By 2004 the Rangers and the Garza family believed that justice might finally be had.
And by last year, Noemi Ponce-Sigler believed she finally knew what actually happened to Irene Garza.
"Once I was able to talk to Dale Tacheny and Father O'Brien, it was all pretty clear," she says. "The only thing left is justice for the killer."

 

Dale Tacheny was a guilt-ridden young man.When he left the U.S. Army in the late 1940s, he decided to become a monk to save his eternal soul.
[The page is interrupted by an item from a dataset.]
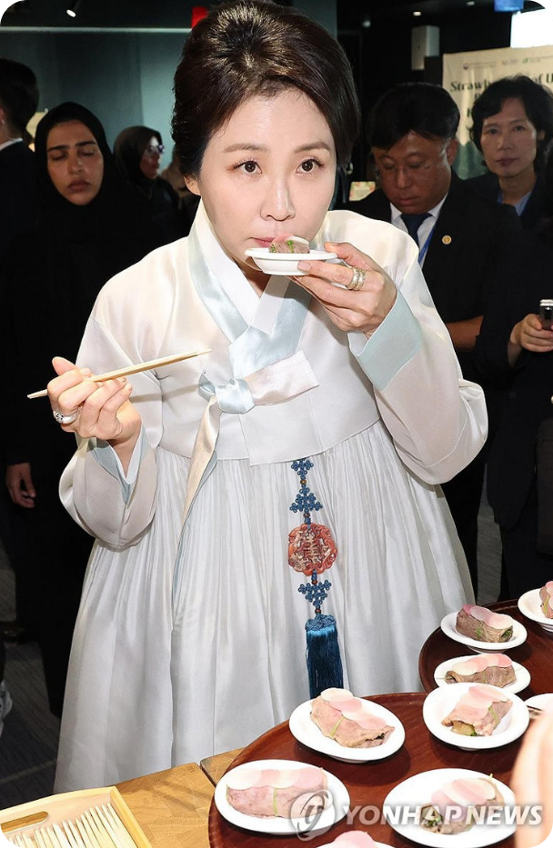 한복 차림 김혜경 여사, UAE에서 케이푸드 외교로 시선을 모으다

"It was a very selfish decision," says Tacheny from his home in Oklahoma City. "I wanted to save myself. I wasn't thinking about others."
Forty years later, it was guilt,Tacheny says, that finally led him to speak publicly about his involvement with John B. Feit.
Tacheny began his religious training in 1949 at age twenty.
By twenty-seven, he was already something of a golden boy in the Trappist order.
In the fall of 1958, Tacheny, known as Father Emmanuel, was sent to Rome for two years of study. When he returned to the
United States, he was promoted to second in command at Our Lady of Assumption Abbey in Ava, Missouri.
Tacheny was Novice Master. As such, he was the abbot's right-hand man and the priest in charge of all of the abbey's newest postulants.
He was a sort of spiritual drill sergeant for seven to ten young men seeking to become monks within the Order.
In 1963, Tacheny says, he was given his strangest assignment ever.
"The abbot called me in and said, 'There is a priest who murdered a woman who is in the guest house. He wants to become a monk.We are instructed to take him in.' "
Tacheny was told that the priest had been sent to Assumption Abbey from New Melleray Abbey in Dubuque, Iowa, where, a month earlier, he had attempted to attack a woman as she got into her car outside the abbey.
This attack, he was told, had followed similar attacks in Texas, one of which had led to the death of a young woman.
Tacheny says he then went to the guest house, where he met Father John Feit.
In the days that followed, Tacheny started his new novice down the quietly arduous path to becoming a monk.
The novices rose at 2:00 a.m., and their day included classes, meditation, manual labor in the fields surrounding the abbey, and vespers.They were to be in bed by 8:00 p.m.
Once a week was the Office of Faults, when novices professed or found themselves accused of sinful thoughts or actions. The novices then self-flagellated for one minute by beating their bare shoulders with a knotted rope.
Tacheny met with each of his novices weekly to explain, or be told, how they were doing.
Tacheny remembers Feit having trouble adjusting to the abbey and his fellow novices. For one, he didn't fit in. He was an ordained priest in his late twenties. The others were barely out of high school.
It was during one of their weekly meetings,Tacheny says, that he finally began asking Feit about his past.